(Goal of the exercise): Copy verbatim the span of lines beginning at the line that contains "Ακόμα ένα πολύ" and ending with the final line of the data. Exclude pictures from the copy.

(Information shown):
=== Section Start ===
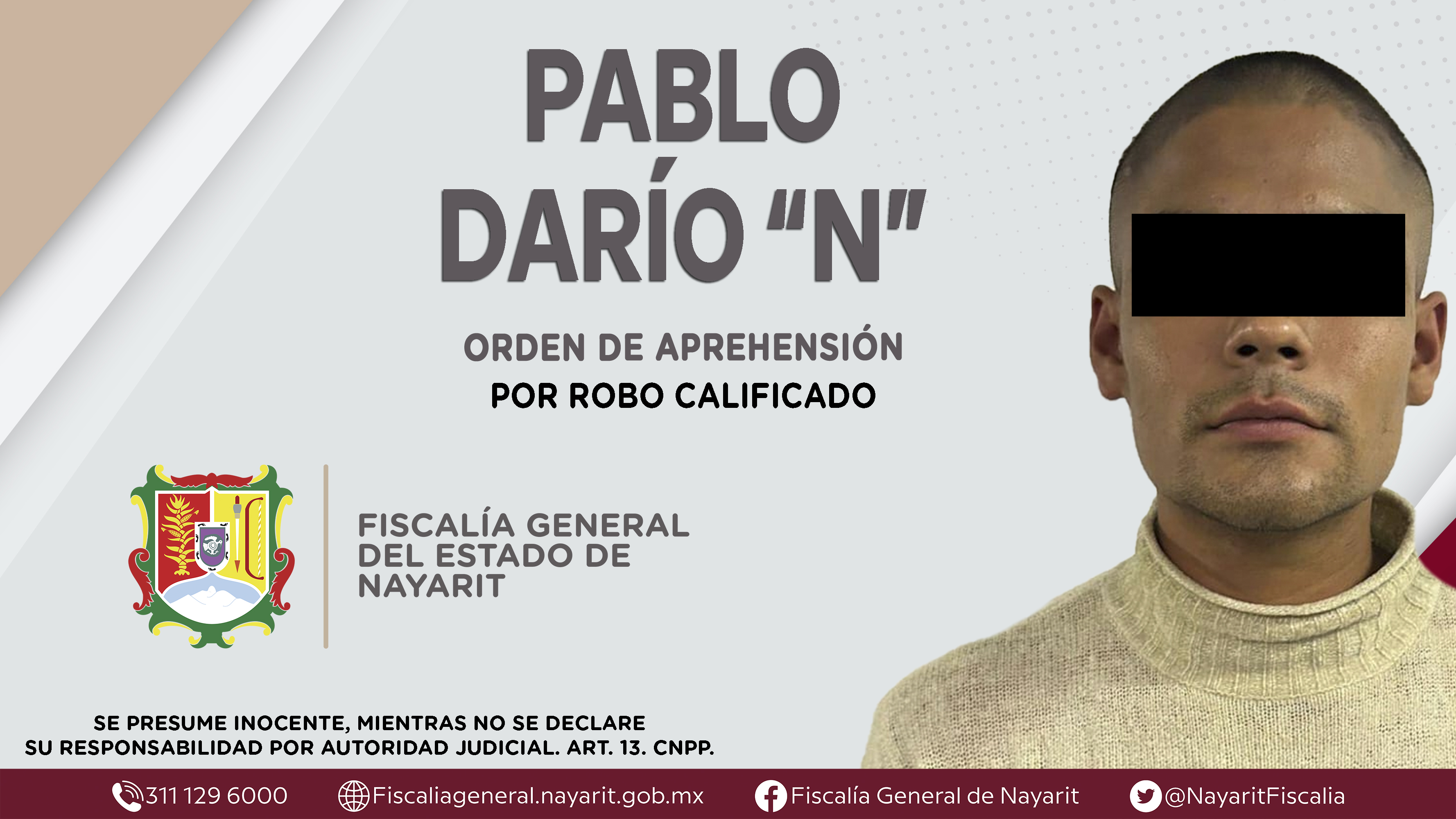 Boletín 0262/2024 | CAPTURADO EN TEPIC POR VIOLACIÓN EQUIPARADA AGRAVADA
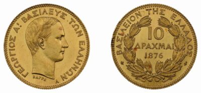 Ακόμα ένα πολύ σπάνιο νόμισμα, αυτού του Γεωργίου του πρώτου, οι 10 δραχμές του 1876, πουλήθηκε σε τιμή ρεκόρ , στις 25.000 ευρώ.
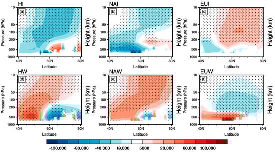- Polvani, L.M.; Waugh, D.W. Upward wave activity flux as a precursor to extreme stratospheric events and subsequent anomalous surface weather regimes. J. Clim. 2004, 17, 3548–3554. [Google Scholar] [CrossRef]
=== Section End ===
(Solved problem):
 Ακόμα ένα πολύ σπάνιο νόμισμα, αυτού του Γεωργίου του πρώτου, οι 10 δραχμές του 1876, πουλήθηκε σε τιμή ρεκόρ , στις 25.000 ευρώ.
- Polvani, L.M.; Waugh, D.W. Upward wave activity flux as a precursor to extreme stratospheric events and subsequent anomalous surface weather regimes. J. Clim. 2004, 17, 3548–3554. [Google Scholar] [CrossRef]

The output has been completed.